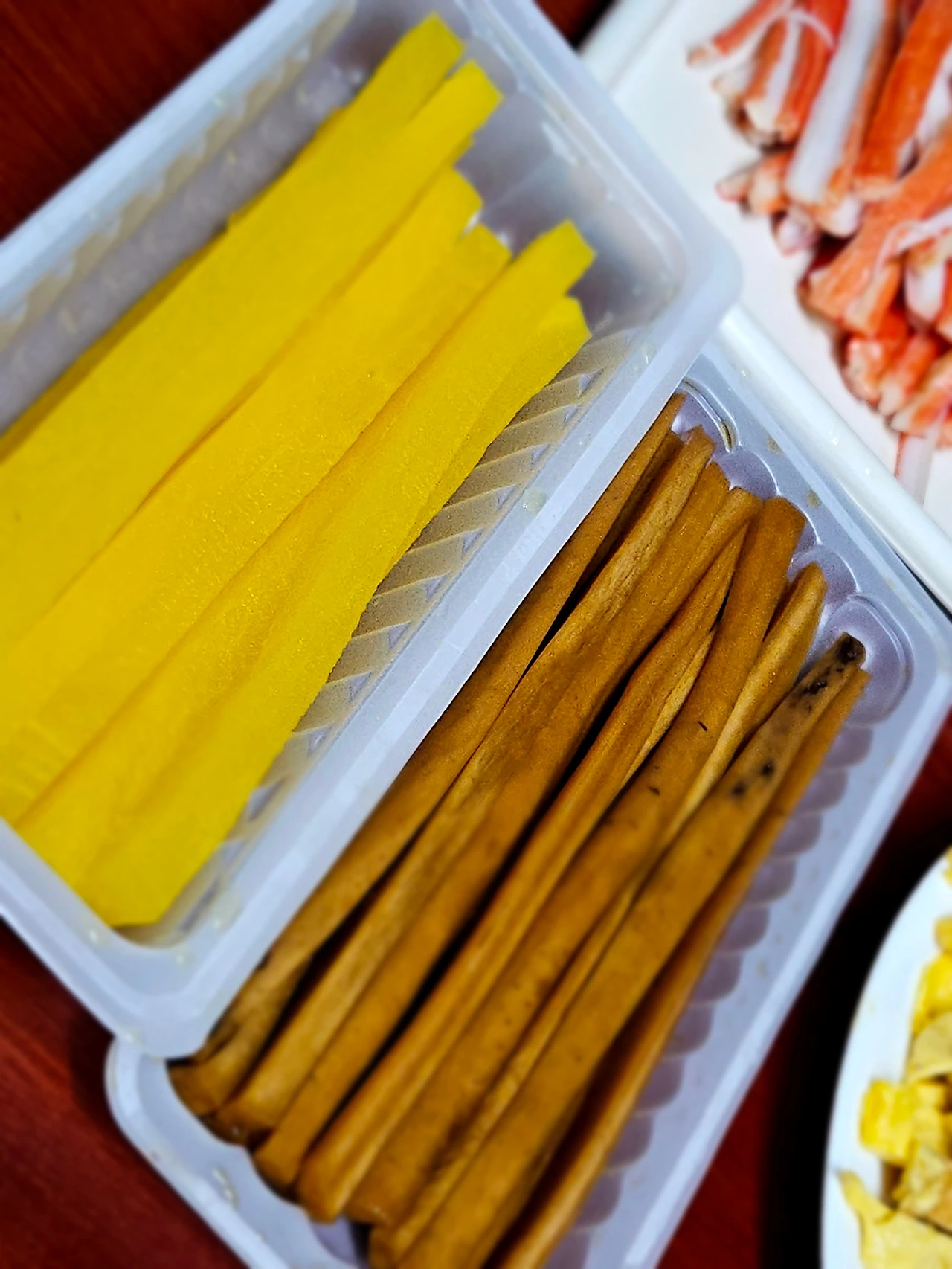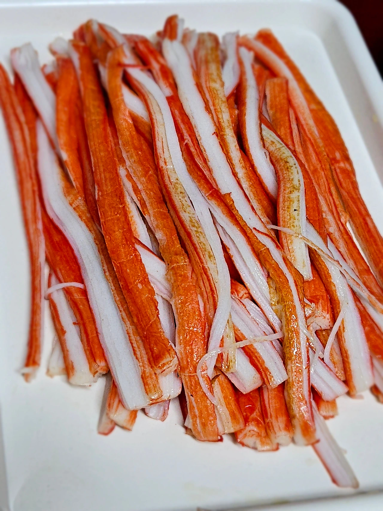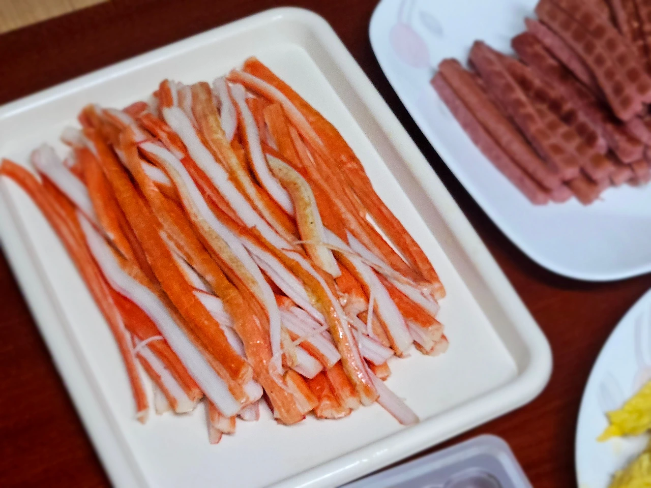 계란 지단 부치고 맛살도 하나씩 꺼내서 계란지단 부쳐 낸 후라이팬에 구웠어요 얇게 뜯어주었어요
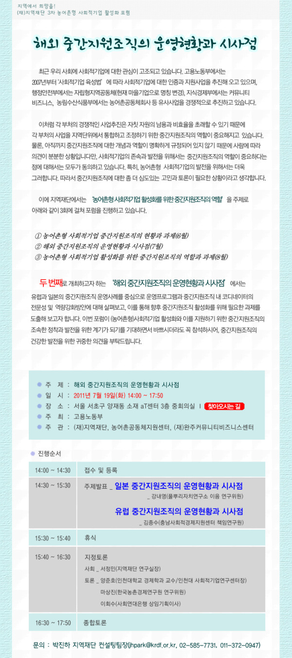 2011년 7월 19일 AT센터에서 진행되었던 농어촌형 사회적기업 활성화 포럼 - 농어촌형 사회적기업 중간지원조직의 현황과 과제 발제문 및 토론문이 포함되어 있습니다. 이번 포럼의 주요 내용은 일본과 유럽지역의 중간지원조직에 대한 내용이 주로 다루어졌습니다.
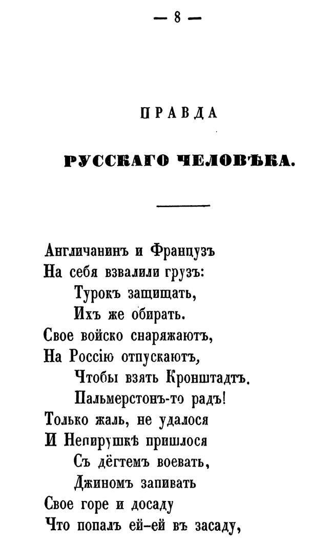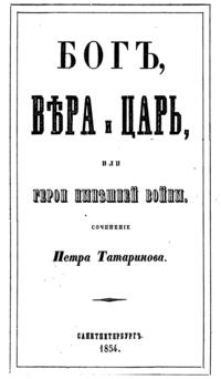 Издание содержит сочинения Петра Татаринова, посвященные Крымской войне (1853-1856). В них содержатся рассуждения о славе и величии России, описания битв, прославление подвигов русской армии, анекдоты, письма с мест военных действий.
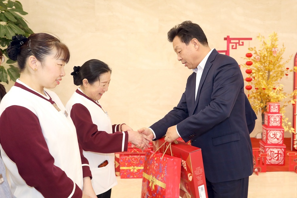 新春假期临近,中国五矿党组书记、董事长陈得信在五矿广场走访慰问驻中国五矿纪检监察组、总部部门、五矿资本、五矿地产、五矿勘查、五矿资产、五矿创投干部职工及五矿资产和五矿物业的大厦运维服务保障人员,向大家致以新春的美好祝福和诚挚问候,并检查节前值班值守工作。中国五矿党组副书记、董事王杰之陪同有关活动。
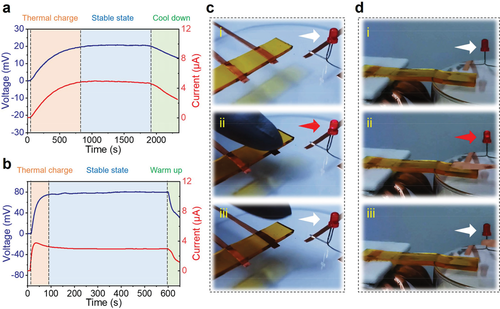 Figure 5 demonstration of the concept of lighting up LED in room temperature or cold environment using an organic hydrogel thermal battery. a) By collecting human body heat in the surrounding environment to continuously output voltage (blue line) and current (red line). b) Continuous output voltage (blue line) and current (red line) by collecting temperature gradient between ice surface and room temperature. C) organic hydrogel thermal batteries illuminate red LED photos by collecting body heat in the surrounding environment. D) by collecting the temperature gradient between the ice and room temperature, the organic hydrogel thermal battery illuminated the red LED photos.
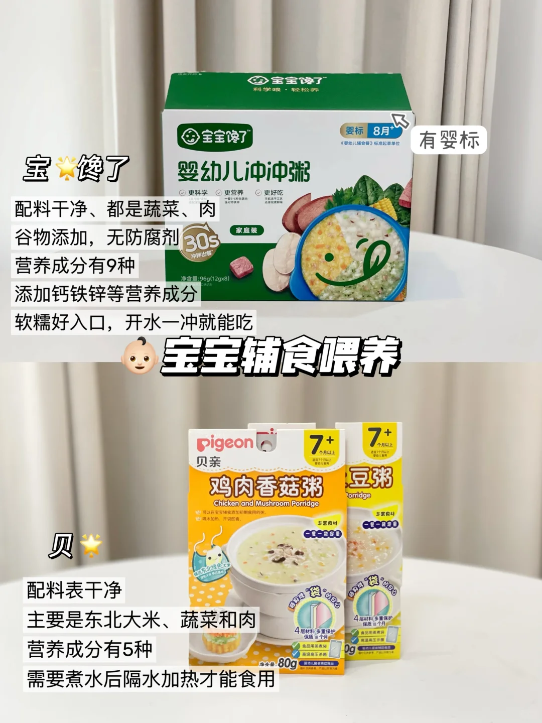 “有婴标”配料干净、都是蔬菜🥬🥕肉谷物添加,无防腐剂
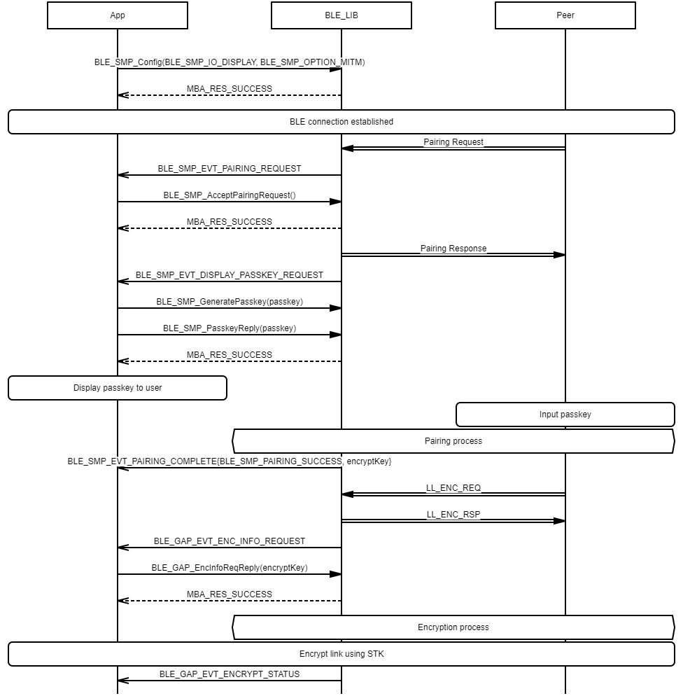Example demonstrating SMP Legacy Pairing in the GAP peripheral role with Passkey Entry, where the Peripheral device displays the passkey
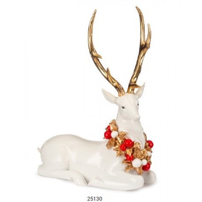 Renna bianca seduta con ghirlanda, dim. cm. 25x34
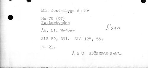 //// !;. Min fosterbygd du är //// W No 70 (97) //// Fosterbygder. //// ° S U-dL/Z //// Ab. NI, Wefvar //// SLS 82, 391. SLS 125, 55. s. 21. //// ÅBO SJÖBERGS SAML. //// [ , . ' .. ^ ... ////

··········

→ How to complete this task:
Give again, exactly, the lines from the start of the data through the one holding "新春假期临近,中国五矿党组书"; omit the pictures.

→ The answer:
 계란 지단 부치고 맛살도 하나씩 꺼내서 계란지단 부쳐 낸 후라이팬에 구웠어요 얇게 뜯어주었어요
 2011년 7월 19일 AT센터에서 진행되었던 농어촌형 사회적기업 활성화 포럼 - 농어촌형 사회적기업 중간지원조직의 현황과 과제 발제문 및 토론문이 포함되어 있습니다. 이번 포럼의 주요 내용은 일본과 유럽지역의 중간지원조직에 대한 내용이 주로 다루어졌습니다.
 Издание содержит сочинения Петра Татаринова, посвященные Крымской войне (1853-1856). В них содержатся рассуждения о славе и величии России, описания битв, прославление подвигов русской армии, анекдоты, письма с мест военных действий.
 新春假期临近,中国五矿党组书记、董事长陈得信在五矿广场走访慰问驻中国五矿纪检监察组、总部部门、五矿资本、五矿地产、五矿勘查、五矿资产、五矿创投干部职工及五矿资产和五矿物业的大厦运维服务保障人员,向大家致以新春的美好祝福和诚挚问候,并检查节前值班值守工作。中国五矿党组副书记、董事王杰之陪同有关活动。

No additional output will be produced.